Mr Choi said the government hoped to decide next week whether to lower the limits for forex derivatives exposure from the current level of 40 per cent of equity capital for domestic banks, and 200 per cent for Korean divisions of foreign banks. Such a move would mark the first tightening of macroprudential regulations since August 2011.
The won weakened 0.3 per cent against the US dollar after Mr Choi made similar remarks to reporters earlier on Thursday. But at Won1,085.9 to the dollar, it has risen 9.3 per cent since May, propelled by a persistent current account surplus and net inflows from foreign investors.
Monetary authorities in Seoul have tried to restrain the won’s rise from its trough in 2009 of more than Won1,500 to the dollar. These efforts have included sales of the won, which traders estimated amounted to as much as $1bn on Thursday.
There have been other measures, such as the reintroduction of a levy on foreigners’ bond investments. This month regulators also launched a probe into whether banks had broken forex restrictions.

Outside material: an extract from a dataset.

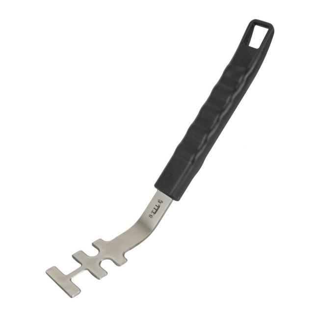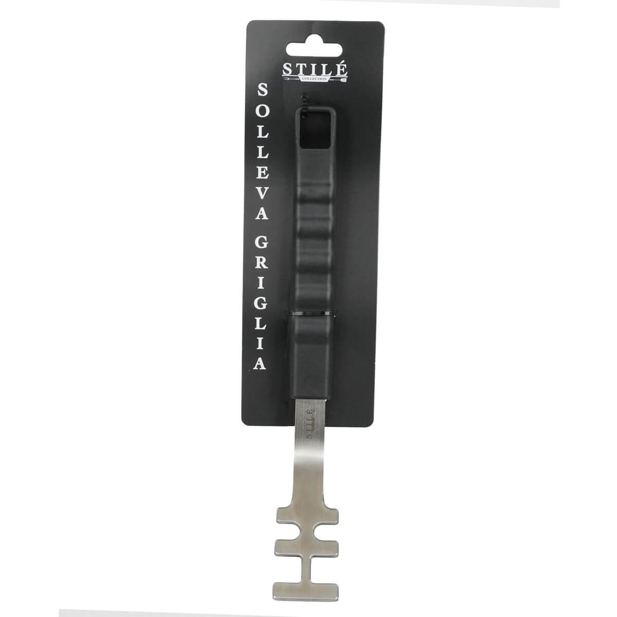Realizzato interamente in acciaio inox, è resistente al calore, anticorrosione e costruito per durare nel tempo, anche con utilizzi intensivi all’aperto. Le sue dimensioni 27,5 x 4,5 x 5 cm lo rendono maneggevole e facile da usare, mentre la particolare forma della punta è pensata per agganciare la griglia in modo sicuro senza scivolare.
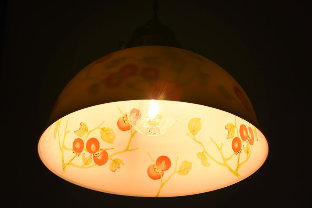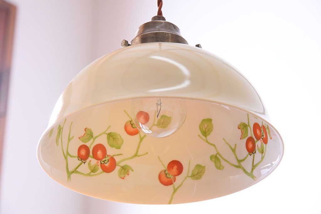 オールドノリタケ(日陶) 柿の絵柄入り 吊り下げ照明(ランプ・シェード)

Mr Choi stressed that the new measures under consideration were intended to protect financial stability rather than support exports, which account for more than 50 per cent of South Korea’s gross domestic product.
“Let me be very clear. We have no idea what is the right level of the won,” he said. “What concerns us is the volatility. We’ve experienced it several times, in 1997, in 2008, and we were close to another crisis in 2011. We’re not worried about exports or imports.”
Quantitative easing in countries such as Japan was contributing to the volatility of the won, Mr Choi added.
Erik Lueth, an economist at Royal Bank of Scotland, said it was prudent for the authorities to “lean against the wind” of currency appreciation, provided they did not target a level for the won.
“In emerging markets, the forex markets are much less deep and liquid than they are for the dollar and the euro, so there is some rationale for intervening and slowing these movements,” Mr Lueth said.
This article has been amended to make clear that the new measures under consideration are specific to currency derivatives trading.